HOGE RAAD DER NEDERLANDEN
BELASTINGKAMER
Nummer20/01103
Datum22 januari 2021
ARREST
in de zaak van
de STAATSSECRETARIS VAN FINANCIËN
tegen
[X] te [Z] (hierna: belanghebbende)
op het beroep in cassatie tegen de uitspraak van het Gerechtshof Den Haag van 7 februari 2020, nr. BK 19/00280, betreffende de ten aanzien van belanghebbende gegeven beschikking tot aansprakelijkstelling ingevolge de Invorderingswet 1990 voor de van [A] B.V. te [Z] nageheven loonbelasting en omzetbelasting over de periode 8 september 2008 tot en met 30 november 2008.

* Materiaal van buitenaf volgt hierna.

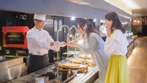 オーシャンビューのレストランで、海鮮を中心とした豪華な料理を堪能でき、特別感を演出。ライブキッチンで手際よく調理される姿を見ながら食べられるのも楽しみのひとつです。

1.Het eerste en tweede geding in cassatie

Bij arrest van de Hoge Raad van 31 maart 2017, nr. 15/02939, ECLI:NL:HR:2017:530, is vernietigd de uitspraak van het Gerechtshof ‘s-Hertogenbosch (nr. 13/00978), met verwijzing van het geding naar het Gerechtshof Arnhem-Leeuwarden ter verdere behandeling en beslissing van de zaak met inachtneming van dat arrest. Bij arrest van de Hoge Raad van 12 april 2019, nr. 18/01266, ECLI:NL:HR:2019:576, is vernietigd de uitspraak van het laatstgenoemde Hof (nr. 17/00404), met verwijzing van het geding naar het Gerechtshof Den Haag (hierna: het Hof) ter verdere behandeling en beslissing van de zaak met inachtneming van dat arrest.

2.Het derde geding in cassatie

De Staatssecretaris heeft tegen de uitspraak van het Hof beroep in cassatie ingesteld en daarbij een middel voorgesteld.
Belanghebbende heeft een verweerschrift ingediend.

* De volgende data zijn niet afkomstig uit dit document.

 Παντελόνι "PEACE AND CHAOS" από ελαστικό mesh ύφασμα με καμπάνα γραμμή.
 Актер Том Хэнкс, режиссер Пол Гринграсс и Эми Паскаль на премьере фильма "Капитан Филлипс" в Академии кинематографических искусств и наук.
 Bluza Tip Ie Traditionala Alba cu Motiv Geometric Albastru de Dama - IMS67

3.Beoordeling van het middel

De Hoge Raad heeft het middel over de uitspraak van het Hof beoordeeld. De uitkomst hiervan is dat het middel niet kan leiden tot vernietiging van die uitspraak. De Hoge Raad hoeft niet te motiveren waarom hij tot dit oordeel is gekomen. Bij de beoordeling van het middel is het namelijk niet nodig om antwoord te geven op vragen die van belang zijn voor de eenheid of de ontwikkeling van het recht (zie artikel 81, lid 1, van de Wet op de rechterlijke organisatie).

4.Proceskosten

De Staatssecretaris zal worden veroordeeld in de kosten van het geding in cassatie.

5.Beslissing

De Hoge Raad:
- verklaart het beroep in cassatie ongegrond, en
- veroordeelt de Staatssecretaris van Financiën in de kosten van belanghebbende voor het geding in cassatie, vastgesteld op € 1.068 voor beroepsmatig verleende rechtsbijstand.
Dit arrest is gewezen door de vice-president M.E. van Hilten als voorzitter, en de raadsheren P.M.F. van Loon en J.A.R. van Eijsden, in tegenwoordigheid van de waarnemend griffier E. Cichowski, en in het openbaar uitgesproken op 22 januari 2021.
Van de Staatssecretaris van Financiën wordt een griffierecht geheven van € 532.